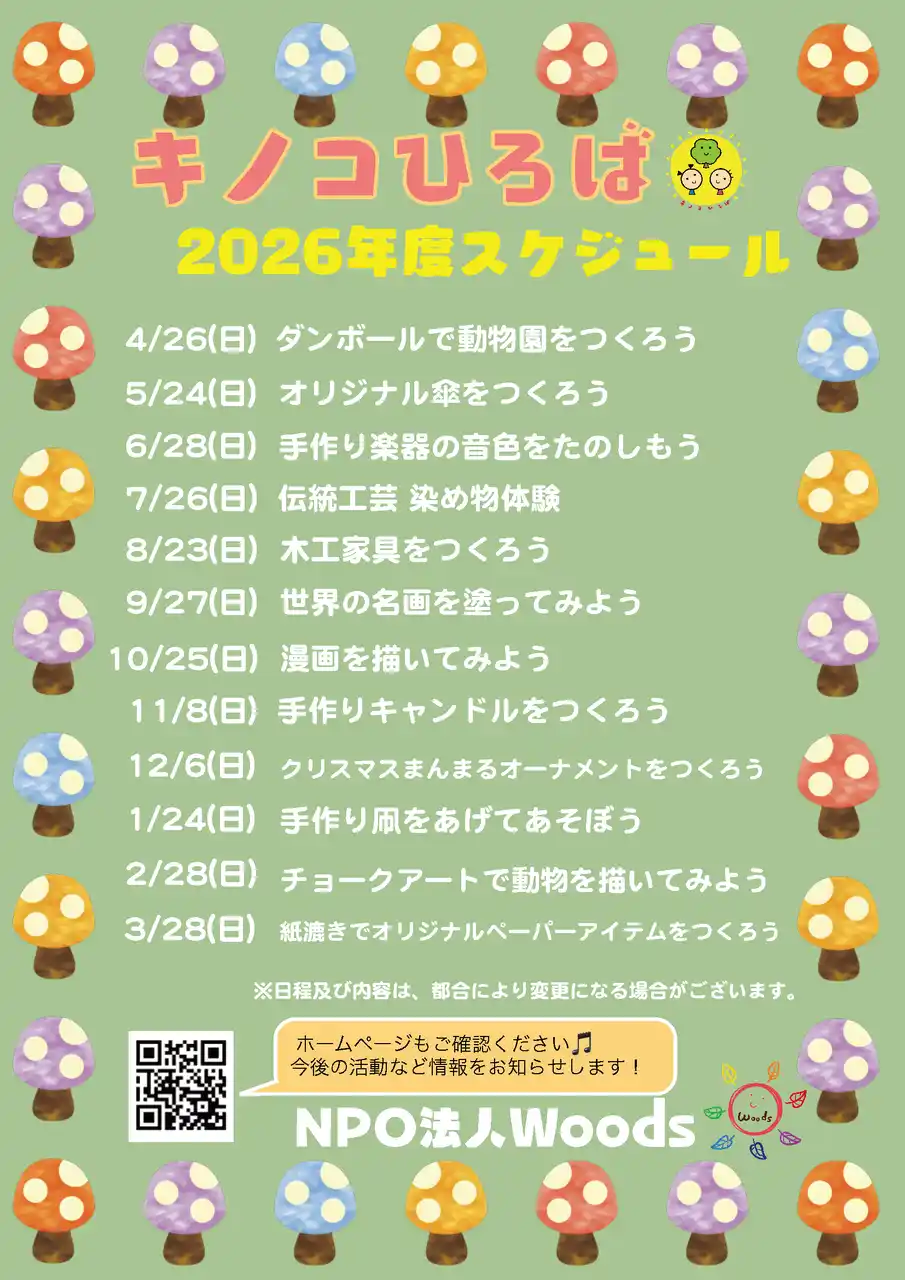 | [キノコひろば] - NPO法人Woods主催、2026年度開催スケジュール公開 |
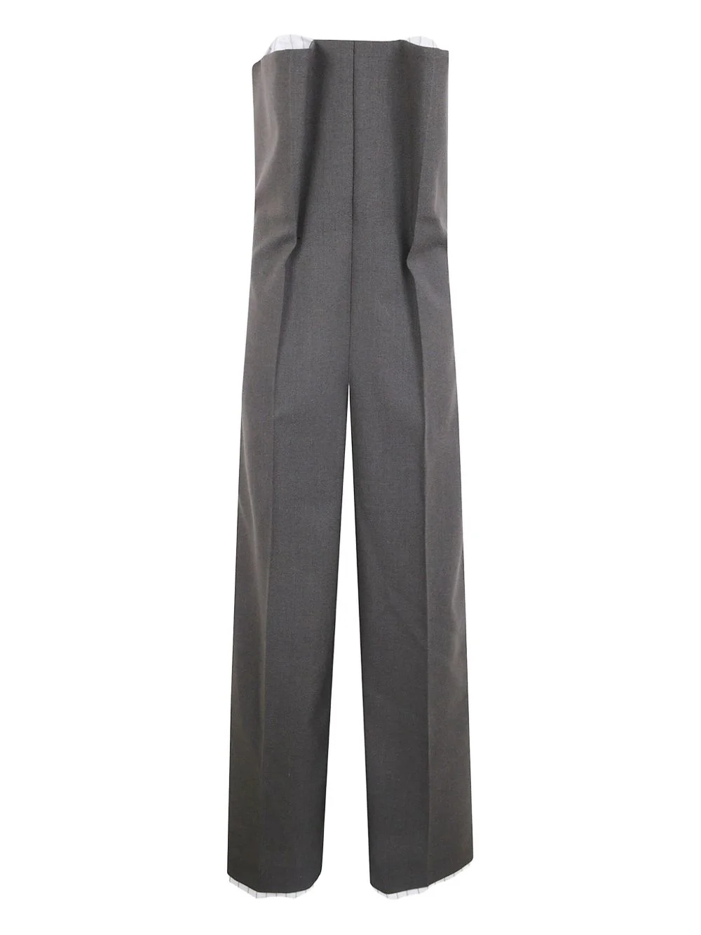 bustier jumpsuit Highlights - Grey - Strapless - Rear zip fastening - Press crease Made in France Composition Wool 88%, Polyamide 12% Washing instructions Read Manufacturer Guidelines
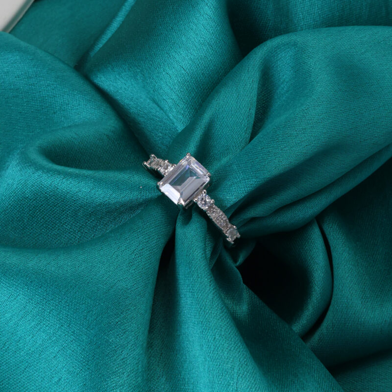 Elevate your elegance with this Classic Emerald Cut CZ Sterling Silver Ring. The striking emerald-cut cubic zirconia (CZ) stone is the centerpiece of this refined design, surrounded by delicate pavé-set CZ stones along the band for added sparkle.

WHAT YOU SHOULD DO >>
Give back exactly the lines from the opening of the listing through the line holding "bustier jumpsuit Highlights", both ends included, with every picture omitted.

TASK ANSWER >>
 | [キノコひろば] - NPO法人Woods主催、2026年度開催スケジュール公開 |
 bustier jumpsuit Highlights - Grey - Strapless - Rear zip fastening - Press crease Made in France Composition Wool 88%, Polyamide 12% Washing instructions Read Manufacturer Guidelines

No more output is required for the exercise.